A twenty-two-year-old hacker has agreed that he tried to threaten Apple company by alleging that he had data of accounts of millions of iPhone users and that he would destroy these accounts if not given the ransom. The hacker is known to be Kerem Albayrak, living in North London, who scared to clear more than 300 million Apple users' iCloud accounts, demanding that the company gave him iTunes reward vouchers amounting to £76,000 ($1,00,000), as a ransom. However, while enquiring about the issue, Apple discovered that Kerem's claims were false, and he didn't jeopardize the company's safety system.

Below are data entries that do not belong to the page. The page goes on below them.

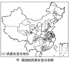 (3)由图甲可知我国洪涝灾害主要分布在东部季风区各大江河的中下游平原。此外,广大山区也常受到洪水侵袭。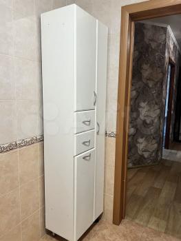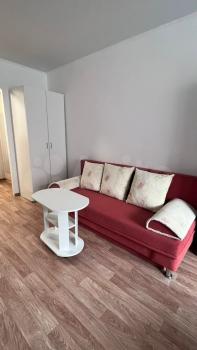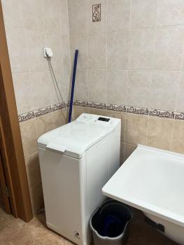 Есть раскладной диван, большой шкаф с комодом, стиральная машина, микроволновка, плита, телевизор, утюг, гладильная и сушильная доска.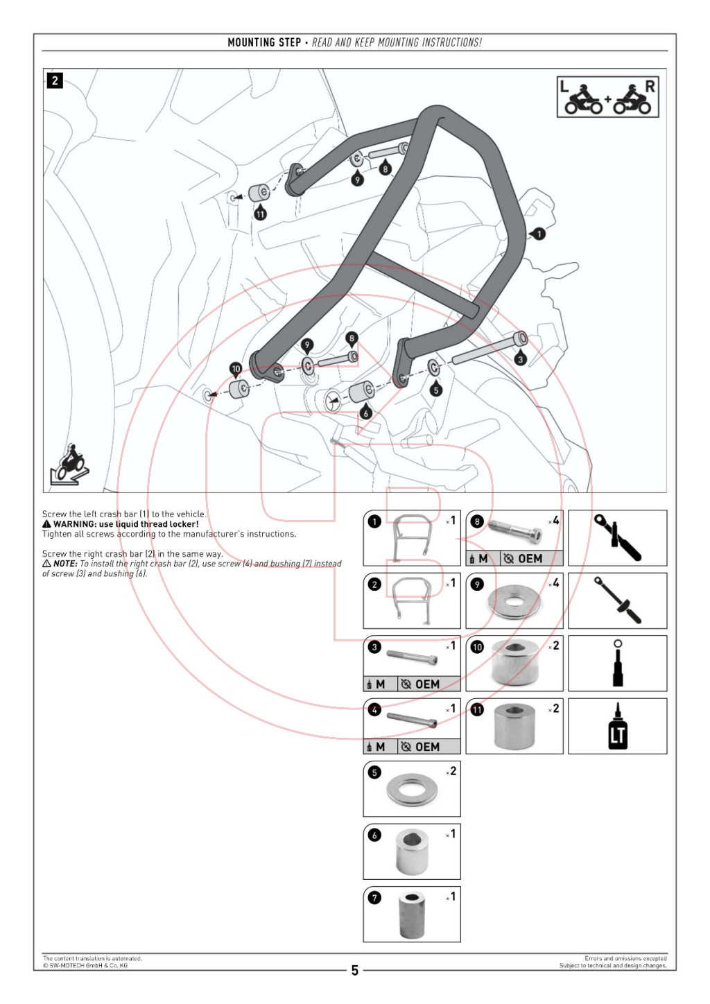 Az SW-Motech bukócső megbízható védelmet nyújt motorod számára, ha váratlan helyzet adódik. Robusztus, acélcsövekből készült, így hatékonyan óvja a blokkot és az érzékeny alkatrészeket esés vagy eldőlés esetén. A precízen tervezett kialakításnak köszönhetően tökéletesen illeszkedik a gyári felfogatási pontokhoz, így a szerelés egyszerű. A porfestett felület tartós, ellenáll az időjárásnak és a korróziónak, miközben sportosan elegáns megjelenést ad a motornak. Válaszd az SW-Motech bukócsövet, ha biztonságot, tartósságot és stílust szeretnél minden motoros kaland során.

Kerem has been charged with the crime of data breach and blackmailing and has been sentenced 2 years of jail imprisonment, and 300 hours of community service (unpaid). Two years back, in March 2017, Kerem e-mailed Apple company's safety unit, declaring to have hacked more than 300 Million iCloud accounts of Apple users. To strengthen his claim, Kerem showed him hacking two iCloud accounts in a video that he uploaded on Youtube. The hacker blackmailed to trade the iCloud accounts' data, drop his data on the internet and restore the iCloud accounts if he was denied by Apple to give his iTunes bonus voucher-request. Kerem also agreed to accept cryptocurrency as a payoff, saying he would accept a return of $75,000, but later raised it to $1,00,000. 2 weeks after the threat was sent, Kerem was caught in his house in north London, by the London police.
The attack is called Credential Stuffing-
Apple examined his allegations but was unable to obtain any solid proof that the users' iCloud accounts were hacked. "The hacker collected passwords and e-mail addresses from different aids, that were exposed recently on charges of the data breach," says UK's National Crime Agency in its inquiry. It further says that the hacker sought his chance, checking whether the user had similar iCloud accounts and passwords. The attack is known as 'Credential Stuffing,' which allows the process to complete faster.
While the investigation was in process, Kerem told the investigators, "You have fame and everyone starts to respect you, once you have power on the internet." Along with the 300 hours of unpaid community service, Kerem has also received an electronic curfew of 6 months. "Kerem thought that he could avoid prosecution when he hacked 2 iCloud accounts and blackmailed Apple, an MNC giant," says Anna Smith, senior investigative officer, NCA.